NOMINEES FOR ELECTION AS DIRECTORS
Glenn W. Bailey (72)........ Mr. Bailey was Chairman of the Board of Genlyte
from its incorporation in January 1985 until
July 1989, when he resigned as Chairman but
retained his position as a Director of Genlyte.
He was Chairman and President of Bairnco
Corporation ("Bairnco") from its incorporation
in January 1981 until May 1990. Bairnco was
Genlyte's corporate parent until Genlyte was
spun off to Bairnco's shareholders in 1988. Mr.
Bailey is a member of the Nominating Committee
of the Genlyte Board of Directors.
Larry K. Powers (55)........ Mr. Powers was appointed President and Chief
Executive Officer of Genlyte in January 1994 and
has served as a Director since July 1993. He has
held a variety of sales, marketing and general
management positions in the lighting industry.
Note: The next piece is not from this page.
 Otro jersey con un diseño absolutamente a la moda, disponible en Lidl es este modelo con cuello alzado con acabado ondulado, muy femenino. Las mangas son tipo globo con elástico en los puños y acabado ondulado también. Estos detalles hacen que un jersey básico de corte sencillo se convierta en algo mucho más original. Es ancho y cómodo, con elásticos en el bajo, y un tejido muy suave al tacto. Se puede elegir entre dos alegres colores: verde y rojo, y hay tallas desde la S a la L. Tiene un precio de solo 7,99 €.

From September 1979 until April 1989, Mr. Powers
was President of Hadco. Hadco was acquired by a
predecessor of Genlyte in July 1983. Mr. Powers
then served as President of the HID/Outdoor
Division of Genlyte from May 1989 until June
1993. From July 1993 to December 1993, he served
as President of Genlyte U.S. Operations and
Executive Vice President of Genlyte. Mr. Powers
is a member of the Nominating Committee of the
Genlyte Board of Directors.
INCUMBENT DIRECTORS
Robert B. Cadwallader (68)... Mr. Cadwallader was elected a Director of
Genlyte at the January 1985 meeting of the
Genlyte Board of Directors. Mr. Cadwallader is
currently President of Cadwallader Company,
Inc., a furniture industry consulting firm. Mr.
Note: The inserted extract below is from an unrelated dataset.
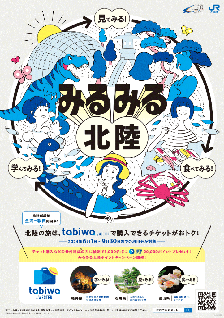 2024年3月16日に北陸新幹線金沢~敦賀間が開業し、盛り上がりを見せる北陸のあらゆる魅力を五感で感じてもらおう!として、「見てみる」「食べてみる」「学んでみる」といった「〇〇してみる」を合言葉に、地元素材など北陸の魅力を存分に楽しめる北陸観光キャンペーン「みるみる北陸」が開催されています。
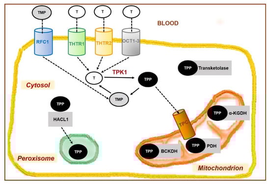 From blood, thiamine is taken up into cells of various tissues by previously mentioned transporters, i.e., THTR1, THTR2, and OCT, while RFC1 allows TMP transfer again (Figure 3). Both carriers THTR1 and THTR2 are highly expressed in the cells of various organs, e.g., skeletal muscle, heart, kidney, liver, pancreas, brain, placenta, and adipose tissue [5,200].

Cadwallader was President of Cadwallader and
Sangiorgio Associates, a manufacturer of office
furniture, from October 1986 until September
1989. From November 1983 to March 1985, he
served as Vice Chairman of SunarHauserman, Inc.,
a manufacturer of movable partitions, fabrics
and systems. During the same period he served as
Director of Hauserman, Inc., the parent
corporation of SunarHauserman, Inc. Mr.
Cadwallader is a member of the Audit Committee
of the Genlyte Board of Directors.
Avrum I. Drazin (69)....... Mr. Drazin was elected Chairman of the Board of
Genlyte in January 1994 and has served as a
Director of Genlyte since January 1991. Mr.
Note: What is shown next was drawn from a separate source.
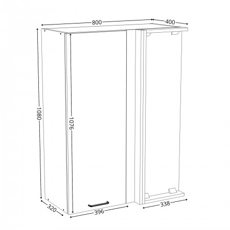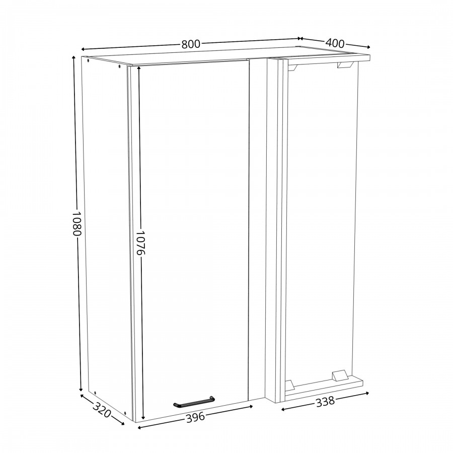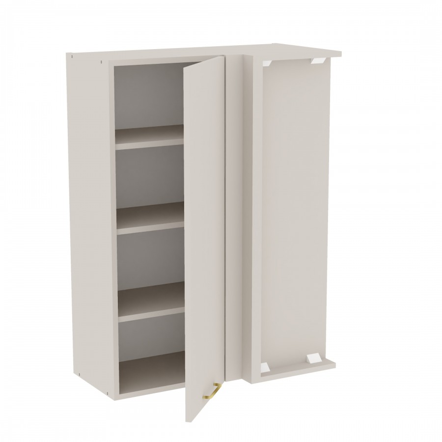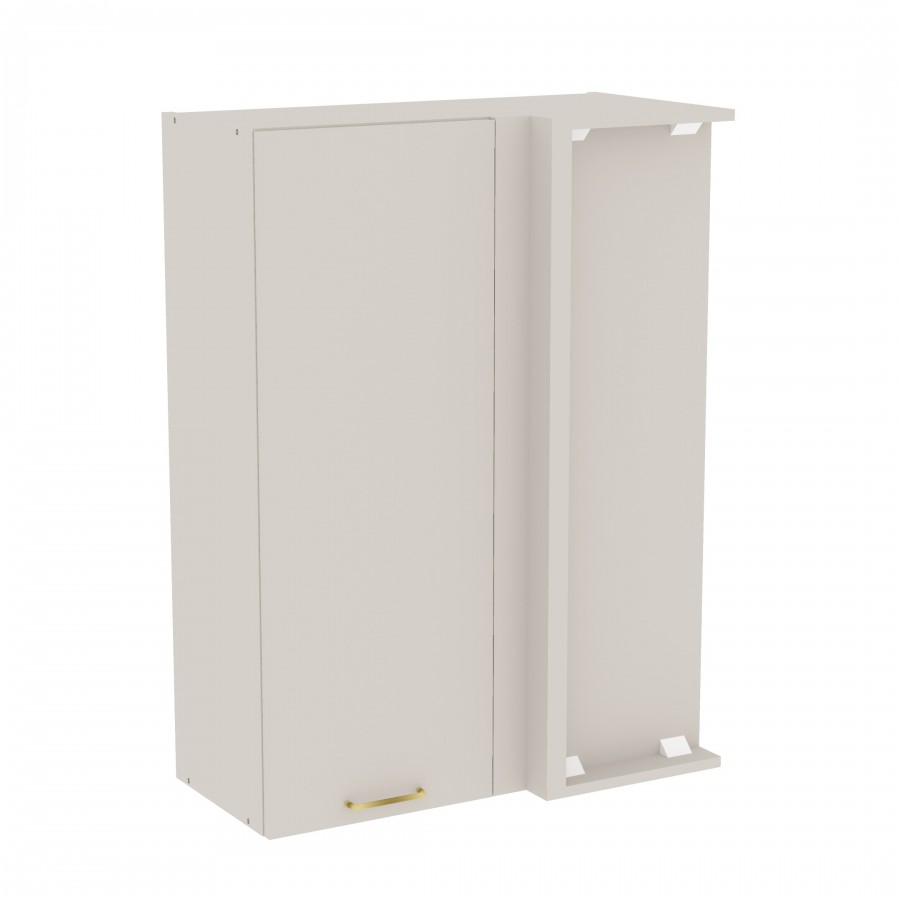 Szafka kuchenna wisząca narożna. Korpus i front wykonane są z płyty laminowanej o grubości 18mm w kolorze kaszmirowym. Otwierana w prawą stronę. Posiada złoty szczotkowany uchwyt.

Drazin served as President of Genlyte from
February 1992 until December 1993 and has served
as President of Canlyte, Inc. ("Canlyte"), a
wholly owned subsidiary of Genlyte, since its
incorporation in July 1984. He served as
President of Lightolier Canada from January 1965
until June 1984. Mr. Drazin is Chairman of the
Nominating Committee and is a member of the
Compensation Committee of the Genlyte Board of
Directors.
David M. Engelman (65)..... Mr. Engelman was elected a Director of Genlyte
at the December 1993 meeting of the Board of
Directors. This appointment took effect on
January 1, 1994. Mr. Engelman was employed by
General Electric Company from 1954 through 1993
and held a variety of general management
positions. He was elected as a Vice President of
General Electric in 1982 and was in charge of
international electrical distribution and
control operations. Mr. Engelman is a member of
the Board of Directors of The Mayer Electric
Supply Company, Incorporated. He is a member of
the Compensation Committee of the Genlyte Board
of Directors.
2
<PAGE>
Fred Heller (73)............ Mr. Heller was Chairman of the Board of Genlyte
from July 1989 until December 1993, when he
resigned as Chairman but retained his position
as a Director of Genlyte and holds the honorary
title of Chairman Emeritus. He served as
President of Genlyte from its incorporation in
January 1985 until July 1989 and served as
acting President of Genlyte from January 1991 to
August 1991. From August 1981 to September 1985,
Mr. Heller was President and Chief Executive
Officer of Lightolier Incorporated. Mr. Heller
is a member of the Board of Directors of Concord
Fabrics, Inc. He is Chairman of the Audit
Committee of the Genlyte Board of Directors.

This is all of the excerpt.